JetBackup 5.1.x introduces a new proprietary backup engine with a smart indexing system that allows JetBackup to track changes locally. At this time, the new backup engine is used exclusively on S3 compatible destinations but will eventually roll out to all other supported destination types, converting the current ones to legacy.

As part of the new engine onboarding procedure, we gathered some benchmarking statistics and decided to share them with the community as it seems there is a lot of interest and questions about it. The results shown are based on rsync-over-ssh destinations and S3 compatible destinations.

S3 Incremental Pipeline

Diagram A: The new JetBackup 5 engine manages backup-indexing locally, avoiding the need to scan & compare data to the remote destination before backup transfer. It allows JetBackup to solely use remote IO during the backup transfer process –  during writes, not reads. After the new engine completes indexing, the backup process begins transferring changes from each account to the destination. The backup engine opens a fork with ten threads for each account backup getting processed. Each Thread will then fulfill an HTTP authentication request then transfer the objects to the destination over the provider’s cloud infrastructure, effectively distributing the IO and likely limiting potential bottlenecks to Network Download/Upload Speeds.

SSH Pipeline

Diagram B: JetBackup 5 does not currently use the new indexing engine for incremental backups to SSH destinations but utilizes Rsync-over-ssh instead to read all the files from the destination server to compare changes with the local server. This process generates high read IO on the remote server before starting the backup process. As with the S3 pipeline above, JetBackup can still create up to 10 forks to backup up to 10 accounts in parallel. But unlike S3 destinations, SSH destinations only require a single connection opened to begin data transfer. However, SSH Destinations will most likely reach an IO bottleneck as more files get written to the remote server.

Running the Tests

First run

On the first run, it is unfair to compare S3 to Rsync-over-SSH. S3 compatible destinations are sending files over HTTP requests. This process will be utilizing more resources for opening/closing requests.

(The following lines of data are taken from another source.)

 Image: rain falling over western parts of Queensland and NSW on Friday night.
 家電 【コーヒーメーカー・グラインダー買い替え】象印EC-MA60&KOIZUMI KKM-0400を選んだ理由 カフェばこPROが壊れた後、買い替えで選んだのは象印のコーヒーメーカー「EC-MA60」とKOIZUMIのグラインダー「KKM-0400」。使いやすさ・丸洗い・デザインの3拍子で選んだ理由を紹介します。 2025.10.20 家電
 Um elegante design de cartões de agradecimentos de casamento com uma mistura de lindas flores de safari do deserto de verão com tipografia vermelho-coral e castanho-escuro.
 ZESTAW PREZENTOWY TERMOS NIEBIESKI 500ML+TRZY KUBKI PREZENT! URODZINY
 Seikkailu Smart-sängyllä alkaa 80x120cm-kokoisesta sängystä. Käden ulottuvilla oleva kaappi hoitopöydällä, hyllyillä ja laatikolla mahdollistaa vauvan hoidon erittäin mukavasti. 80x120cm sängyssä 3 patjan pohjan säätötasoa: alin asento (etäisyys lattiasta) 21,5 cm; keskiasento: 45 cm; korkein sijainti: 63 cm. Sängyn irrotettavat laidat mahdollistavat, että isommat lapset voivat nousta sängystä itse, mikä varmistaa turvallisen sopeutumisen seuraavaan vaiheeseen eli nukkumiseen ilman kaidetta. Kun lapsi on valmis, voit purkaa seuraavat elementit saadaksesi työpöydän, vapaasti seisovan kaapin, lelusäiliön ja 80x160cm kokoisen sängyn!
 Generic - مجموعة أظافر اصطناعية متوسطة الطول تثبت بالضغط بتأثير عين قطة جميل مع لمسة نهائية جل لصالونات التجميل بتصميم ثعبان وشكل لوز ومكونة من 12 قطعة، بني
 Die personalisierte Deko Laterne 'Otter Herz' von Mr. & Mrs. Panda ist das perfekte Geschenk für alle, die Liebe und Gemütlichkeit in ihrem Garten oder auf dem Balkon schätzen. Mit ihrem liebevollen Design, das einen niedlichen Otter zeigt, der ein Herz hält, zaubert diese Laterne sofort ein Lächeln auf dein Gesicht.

Let’s say that a file is represented by a single HTTP request (open connection + authentication). Let’s assume this whole process will take about 1 second. With 100 files to send over, we can assume that only the connection part will take us about 100 seconds, and that is, without the time it took to push the file over.

On the other hand, with rsync-over-ssh destinations, we will open the connection only once (that 1 second used as an example) just to open a tunnel. Once the tunnel is open, there is no need for further authentication and we can start sending files. 

Given the above, we can say that using rsync-over-ssh for the initial run will most likely be faster than doing the initial run to an S3 compatible destination. 

We can narrow the gap by changing the Concurrent Backup Tasks Setting. This setting will allow you to backup multiple accounts in parallel to destinations by opening an additional max of 10 Forks with up to 10 threads each to transfer files. Although it may not be faster than SSH initially, it will reduce the difference substantially.

Second run and beyond

For both destinations, the second run should be much faster as we will only send changes. 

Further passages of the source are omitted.